Record excerpts section start

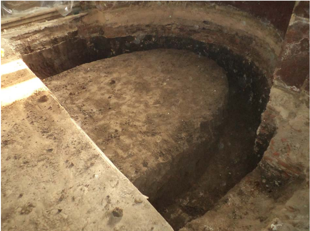
Aspect de săpătură arheologică preventivă
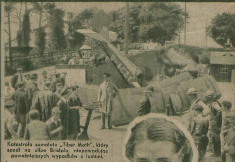
Katastrofa samolotu „Tiber Moth”, który spadł na ulice Bristolu, niepowodując poważniejszych wypadków z ludźmi.
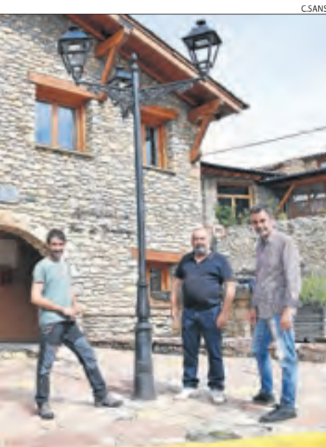
dels veïns de Riu.

portada de l'aigua a canvi d'anexionar-se a Artesa. I així ho van fer, encara que finalment les obres les van fer a jova (de manera voluntària) veïns de les tres localitats. Van ser ells els que van executar una xarxa de distribució, el clavegueram i la captació des del riu fins als tres dipòsits d'emmagatzematge. L'única ajuda que van rebre per part de l'administració va ser el material per als treballs. Es van prolongar fins aproximadament al 1975, quatre anys després d'agregar-se a Artesa de Segre, el 1971. Josep Blanch va ser l'alcalde en aquella època i actualment una plaça del poble exhibeix una placa en la seua memòria.
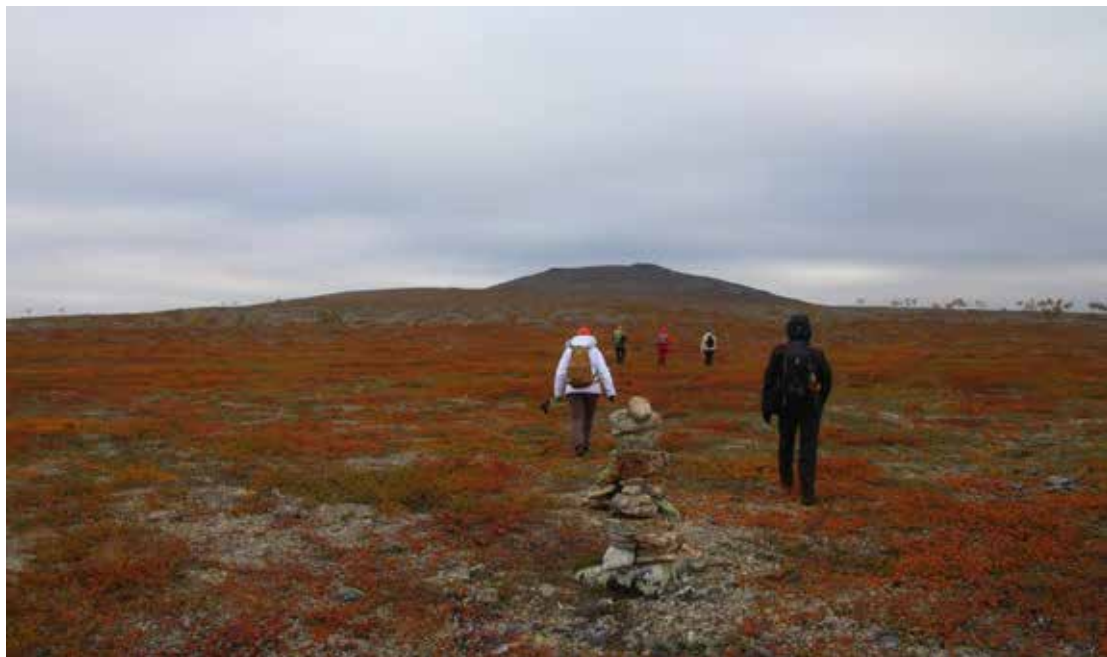
Retkiporukka sai nauttia ruskan loisteesta tunturiylängöllä matkalla Ahkovarrille.

Keskiviikkona tihusadetta, harmaata, välillä poutaa. Kaikki nousimme Akujoen vartta kohti Akuköngästä. Aivan Akuköngään alla joutuimme ylittämään Luovdejohtkan, mikä onnistui pitkävartisilla vaelluskengillä tai saappailla, mutta jotkut riisuivat kahlausta varten
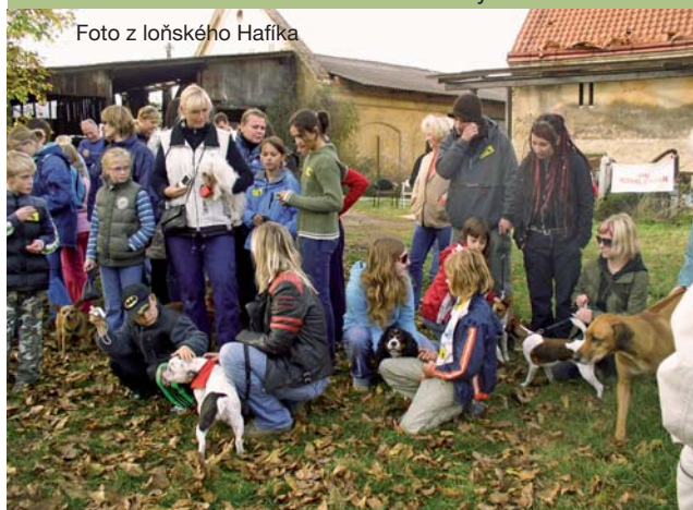
Foto z loňského Hafíka

Odměny pro závodníky všech kategorií. Občerstvení pro doprovod zajištěno. Podmínkou účasti je platný očkovací průkaz. Z přehlídky jsou vyloučeny hárající a březí feny, vstup zakázán nemocným zvířatům. Kousaví jedinci musí mít košík a vystavovatelé mladší 18 let musí mít dospělého doprovod. Těšíme se na soutěžící i nadšené diváky!!!
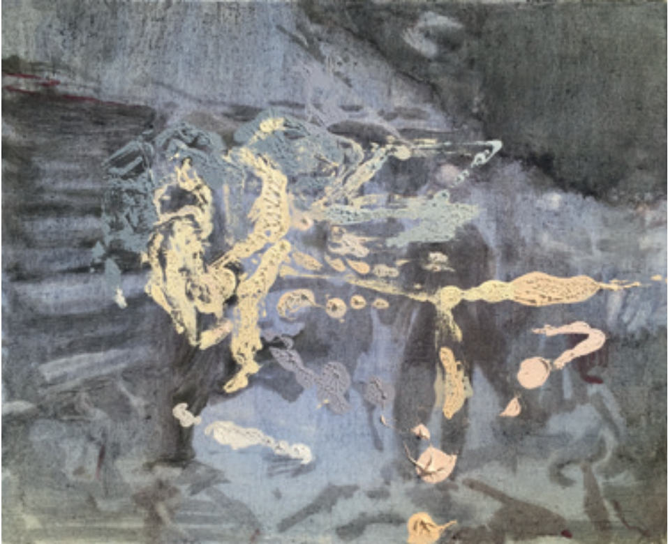
Hanneline Røgeberg In The Field (for Glenn) 2016 Oil on linen, 61 x 91 cm
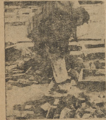
На постройке городка УПИ носильщики кирпича безобразно относятся к своей работе. Большая часть кирпича, сваленная таким образом с «нозья» негодна к употреблению.

Record excerpts section end

## Description of the task
Output only the number of lines in the data above that include the word "veïns".

## Task output
2